Now that virtually any well-known male entertainer of a certain age is arrested for alleged sexual offences, it is becoming clear that this is more a culture war than a set of proper criminal investigations. This does not necessarily mean that all the allegations are false — look at Stuart Hall — but it does suggest that a new way has been found of ruining people’s reputations before anyone has established their guilt. The undeniable fact that so many of the men accused wore deplorable clothes in public all through the 1970s is not, in itself, proof of iniquity. Enraged by Leveson, the press argue that naming people being investigated for sex crimes is a brilliant way of smoking them out. Possibly it is, but it is also an unfair process because the anonymous accusers can do damage with impunity. The new doctrine that one must believe victims assumes that anyone who says he or she is a victim is. It gives legal force to the old feminist claim that ‘All men are rapists’. Even the less irrational cry that ‘All elderly presenters from popular BBC kiddies’ programmes are rapists’ cannot be true.

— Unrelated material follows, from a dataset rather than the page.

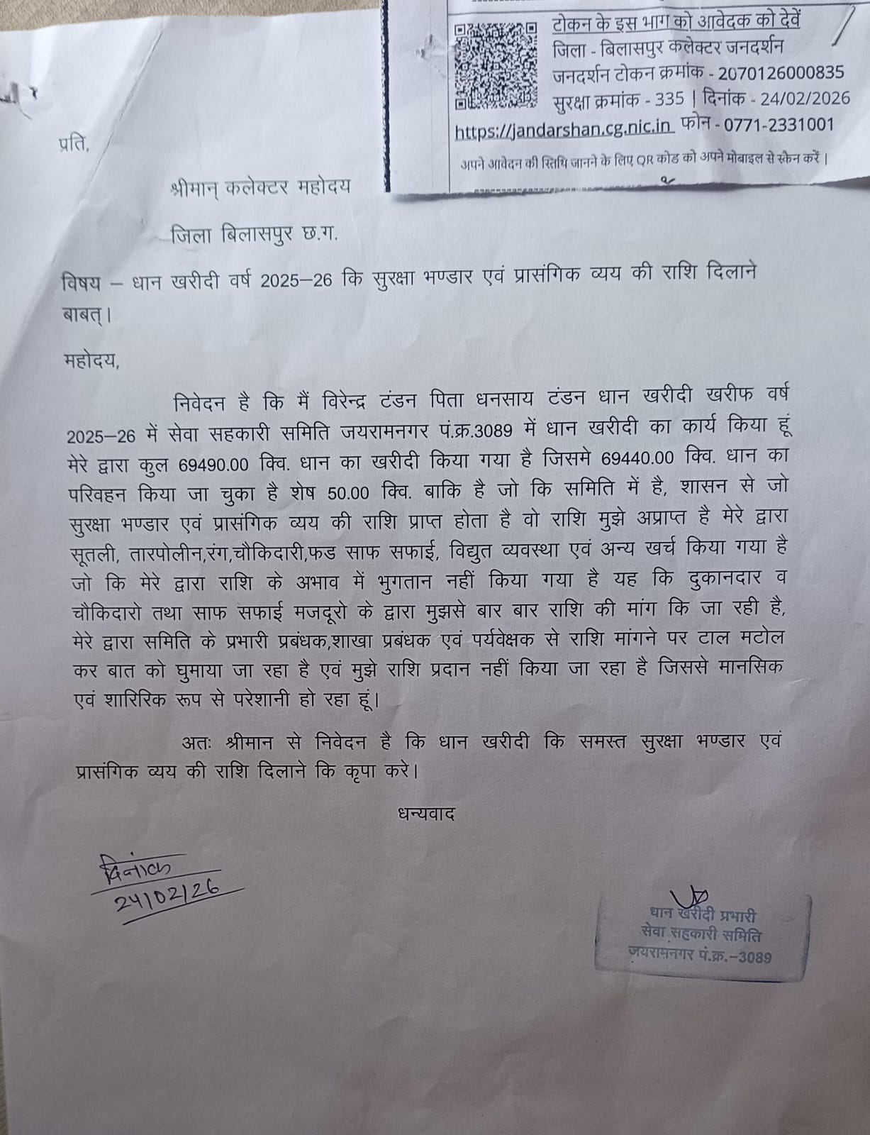 वीरेंद्र टंडन पिता धनसाय टंडन ने कलेक्टर बिलासपुर संजय अग्रवाल को आवेदन देकर बताया कि उन्होंने कुल 69,490.00 क्विंटल धान की खरीदी की और पूरा परिवहन भी हो चुका है। सूतली, तारपोलीन, चौकीदारी, फड़ सफाई आदि पर खुद खर्च की गई राशि शासन से आ चुकी है, लेकिन संस्था प्रबंधक ने भुगतान नहीं किया। जनदर्शन टोकन क्रमांक 2070126000835, सुरक्षा क्रमांक 335 जारी हुआ।

This desire to convict regardless of evidence is deep in the human heart, but it has taken a politically correct form in recent times. Attacks on traditional, ‘reactionary’ injustice often ape the evils they condemn. In 1999, the appalling report by Sir William Macpherson on the Stephen Lawrence affair formally declared that: ‘A racist incident is any incident which is perceived to be racist by the victim or any other person’. This means that any incident of anything, ever, can be racist so long as one person in the world can be found to declare it so. Against this doctrine, no form of justice can stand. The same applies to the automatic credibility of anyone who claims to be the victim of a sexual offence.

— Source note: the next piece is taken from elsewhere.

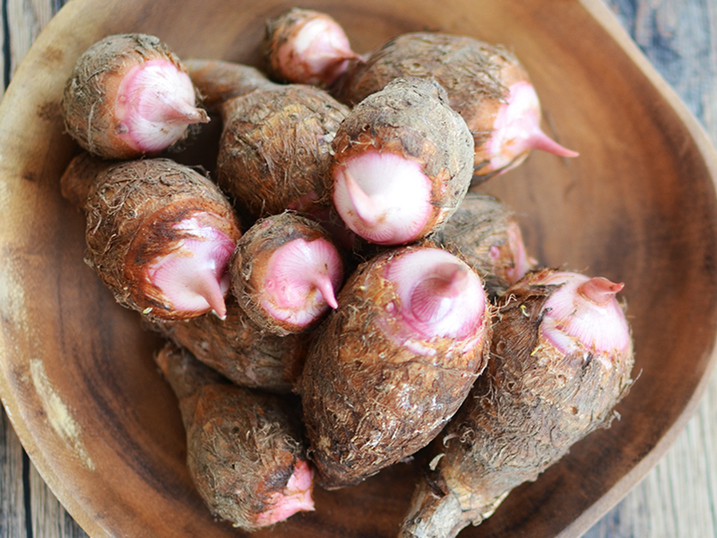 宮崎県産 赤芽の里芋、セレベスという品種です。

And now comes the arrest of Nigel Evans, the deputy speaker. In yet another copying of former oppressors, militant homosexuals spend a lot of time nowadays trying to ‘out’ fellow gay people who, for whatever reason, would rather stay quiet. This seems to have happened to Mr Evans two or three years ago. Now two men have accused him of rape, and the goody-goody police, bursting to show that they yield to no one in their detestation of whatever it is that their paymasters have told them to detest, have made a public show of nicking him, destroying him in the process. Of course it is possible that Mr Evans is guilty. I doubt it, but I do not know. My general point is that a mixture of madness and malice has now entered the whole subject of sex and crime. Let’s all join in. When a policeman stops you for bad driving, accuse him of raping you and force him to arrest himself.